Qatar was near the beginning of their program to purchase mercenary athletes; young, promising athletes who would take Qatari citizenship and (unique to Qatar's program) take on a different name. Stephen, and some 40 other athletes, took the deal. Changing his name from Stephen Cherono to Saif Saaeed Shaheen, he was reported to have received up to US$1 million to become a Qatari citizen, although he denied this. This was the first major competition where, as Shaheen, he was wearing a different country's bib. This angered his former teammates who were determined to beat him.

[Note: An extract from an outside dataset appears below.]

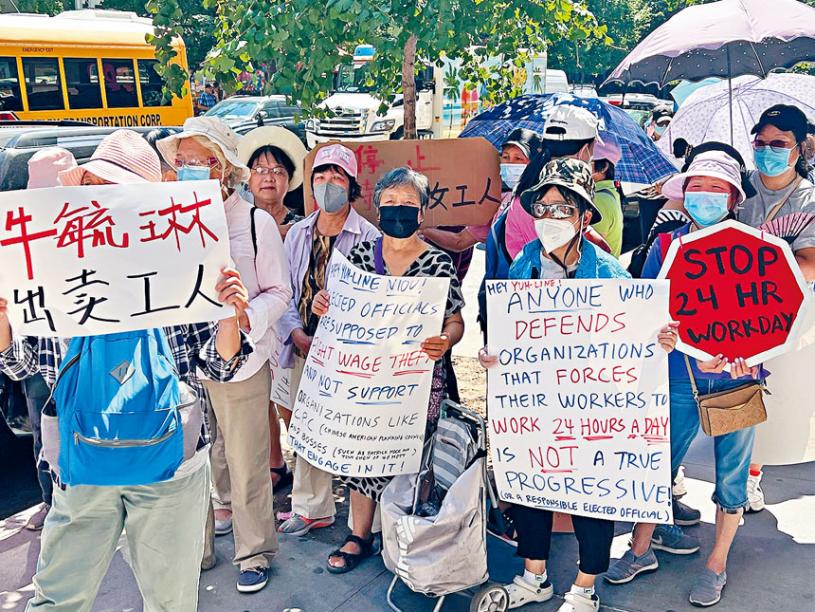 約60多名護理及前彩福樓欠薪工人及其他族裔支持者,3日日冒著酷暑在州議員牛毓琳辦公室前舉行示威,指責牛毓琳支持「血汗工廠老闆」,並且謊言不斷欠缺誠信,呼籲選民在8月23日的國會議員初選中不要把票投給牛毓琳。但牛毓琳堅稱,她從政以來一直為工人而戰。

Over the previous two decades, Kenyan athletes have learned how to use team tactics to essentially gang up on the rest of the world while assuring another Kenyan victory. Shaheen had learned these tactics. Now virtually alone, he had to figure out how to beat them. He chose to run away from them. Alone out front, no team could get in his way. He did have a teammate in the race, a veteran former Sudanese athlete who had been running for Qatar for several years, Khamis Abdullah Saifeldin. Beaten off the start line by three Kenyans, Saifeldin literally elbowed his way to the already forming Kenyan blockade at the front. Sidestepping into the next lane he sprinted past them followed by Shaheen who was with the lead Kenyans waiting for his arrival. Saifeldin was first over the first barrier with Shaheen in tow and a gap already forming. The only athlete to bridge the gap was Shaheen's brother, Abraham Cherono. The first lap was just over 60 seconds, 4 minute mile pace. 2:04 by the second lap (now slightly shorter laps through the water jump). 1000 metres into the race and Saifeldin was exhausted and started to drop back. Shaheen accelerated around him. 3:06 for three laps. Soon Abraham started to fall back, Shaheen was alone. With the pack disappearing behind them, Shaheen was cranking out laps at sub-world record pace. By the fourth lap at 4:12 he had opened up a 20 metre lead, but on the fifth lap, he was beginning to show signs of fatigue.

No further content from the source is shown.